Yang called the award received by his doctoral advisor “an expected surprise.”

“Nordhaus is a top economist,” he said. “He has been well-recognized over the years. His research covers a broad area.”

Yang started his doctoral work at Yale in 1987 after receiving his master’s degree in management science from Tianjin University in China in 1985.

Nordhaus, a Yale faculty member since 1967, had examined economic approaches to global warming for more than a decade when Yang joined his research team. But Yang admitted that he had no idea then that the work would prove so long-lasting.

“At the time, I didn’t feel much,” he recalled with a laugh. “It was just regular (research assistant) work!”

By 1992, Nordhaus developed the Dynamic Integrated Climate-Economy (DICE) model, a computer-based integrated assessment model that describes the global interplay between the climate, energy usage and the economy.

Yang received his doctorate in 1993 and became a collaborator with Nordhaus. In 1996, the pair produced a paper that expanded DICE into the Regional Integrated model of Climate and the Economy (RICE). While DICE served as a single global model, RICE divided the world into 12 regions. The models have been used for the past 30 years by researchers all over the world.

“DICE/RICE isn’t only a paper. It is also a set of programming codes,” Yang said, calling it “a practical tool” for researchers. “Everyone wanted to use it. We released the codes without any patent or copyright. It’s public information that anyone can use.”

After Yale, Yang served as a research associate at Massachusetts Institute of Technology and as an assistant professor in the Department of Energy, Environmental and Mineral Economics at Penn State University. He joined the Binghamton University faculty in fall 2002 and saw the release of his book, Strategic Bargaining and Cooperation in Greenhouse Gas Mitigations: An Integrated Assessment Modeling Approach, in 2008 by MIT Press. He is now working on a second book with Cambridge University Press.

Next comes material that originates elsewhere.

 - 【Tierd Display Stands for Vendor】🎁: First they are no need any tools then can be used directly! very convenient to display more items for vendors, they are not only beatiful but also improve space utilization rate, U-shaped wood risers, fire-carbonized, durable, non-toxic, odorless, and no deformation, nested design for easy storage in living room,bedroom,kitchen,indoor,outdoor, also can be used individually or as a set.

Yang is also still collaborating with his mentor. He and Nordhaus have started a three-year project to update and upgrade DICE/RICE “to make it stand for the next decade,” Yang said.

The pair primarily works via email, although they see each occasionally.

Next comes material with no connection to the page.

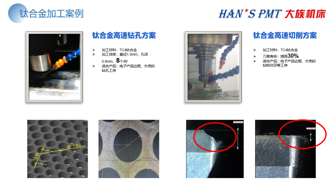 鄒工還重點講解了大族機床在鈦合金等熱點材料上的最新研究成果,鈦合金的加工良率和效率是目前3C廠商最大的痛點和難題之一,大族機床在鈦合金制程工藝上積極探索和研究,在CNC機型選擇、主軸和刀柄選型、刀具選型設計、結構設計、加工方式等配置和設計上反復測試和驗證,結合切削液冷卻優化、自適應控制技術、刀具檢測及其他輔助工具等功能設置和優化,對于典型難加工材料——鈦合金等工業零部件,可實現較為高效、成熟的數控加工解決方案,并已成功實現量產。

“I’m sure that there aren’t many advisor-student research relationships that have lasted this long,” Yang said. “He’s been so supportive through all of the stages in my career. If someone still wants to work with you on technologically detailed (research), there must be something complementary and mutually helpful there.”

Yang is impressed that Nordhaus – now the Sterling Professor of Economics at Yale – is still a force in the economics field at age 77.

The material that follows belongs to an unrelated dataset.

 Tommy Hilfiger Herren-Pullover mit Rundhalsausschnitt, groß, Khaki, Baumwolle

“Most people his age are no longer doing any kind of hands-on work themselves,” he said. “He’s still doing things on his own – and working hard.”

Yang, whose name is mentioned in the Nobel report detailing the work of Nordhaus, said he is pleased to have played a role in the research.

“I’m glad that this part of my work was recognized,” he said. “The 1996 Nordhaus-Yang paper was the most important (publication) for the evolvement of DICE/RICE. I can say that I co-authored a Nobel Prize-winning paper.”